It’s been a while since I’ve really blogged. And I have to admit that I’m still learning what it means to be a blogger. To me, I’m just a writer. I’m not a blogger, yet. I wann’a be though… One day, I will be; I’ll have a lot more to say… Especially with all that I’ve been going through lately… which is why I’m here right now.

For the past few weeks (maybe months, I don’t keep count) I’ve been exhausted (mentally, emotionally, physically and spiritually) to the point I haven’t wanted to get out of bed… but I’ve forced myself to do so and go to work, even when/if I wasn’t feeling my best.

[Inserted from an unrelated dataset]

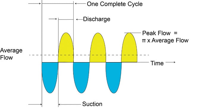 1. 泵送動作是由往復(fù)動作發(fā)展而來的。這種往復(fù)運(yùn)動產(chǎn)生流動正弦波。實際流量由圖 1 中的公式確定。
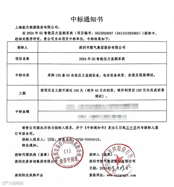 逐光向新,驰而不息。新的一年,航天能源紧跟国家数字化发展的步伐,坚持“聚焦主业、稳健经营、改革创新、夯实基础”的指导思想,充分利用资质、技术和品牌优势,成功中标深圳燃气2024年5G智能压力监测系统项目,这是继2023年中标同类项目之后再次中标,标志了公司在智能气网领域技术能力得到用户高度认可和肯定。

I strive so hard though, because I have to. I don’t have any other option, honestly. But still, so much goes on in my head on a daily basis. Stuff that I don’t know how to talk about sometimes… or I do, except the only way I can get it out is through rapping… I find myself speaking my mind a lot through writing lyrics lately instead of just sitting and talking to people. Part of it’s got to do with the social anxiety. But if I’m not writing lyrics, pouring my heart out in that way, then I’m not really talking or being raw (as honest as I could be).

With all that being said, I am now inviting you to come along with me on this journey as I rap to you… You might be able to relate to these verses that I’ve piled up and kept to myself.

Here’s the first verse I would like to share, it’s called “Confession”:

I must confess; sometimes I’m not as strong as some people think/ I can be weak, I get depressed, I fall apart and I sink/ It’s just that Jesus’ always there to get me back on my feet/ But I promise bleed like you, and if you cut me, you’ll see//

Sometimes I wish that I was stronger, bolder; I just wann’a be a soldier/ But I get hurt and climb aboard my emotional roller coaster/ Yeah, I’m a man, but I still cry… I used to hold it all inside/ I was angry, foolish, filled with pride – you’d never catch me wipe my eyes//

But I’m done with that, no holding back – I’m moving forward, forget the past/ And I may seem whack; I’m cool with that – but I had to find a better path/ As I write I go into a place where I know I don’t have to hide/ I just get this feeling, like I’m cruising – let the windows down and ride//

My life ain’t easy, but it makes me meek… Jesus is who’s keeping me/ The only way I sleep at night; because He is the Prince of peace/ I face struggles every day, and I got friends who’ll say the same/ But we’ve overcome so much through Christ; we know that He forever reigns//

If you want to talk to me or share your opinion about the verses I put up, feel free! I would love to talk with you. Welcome to my journey… Come; walk with me.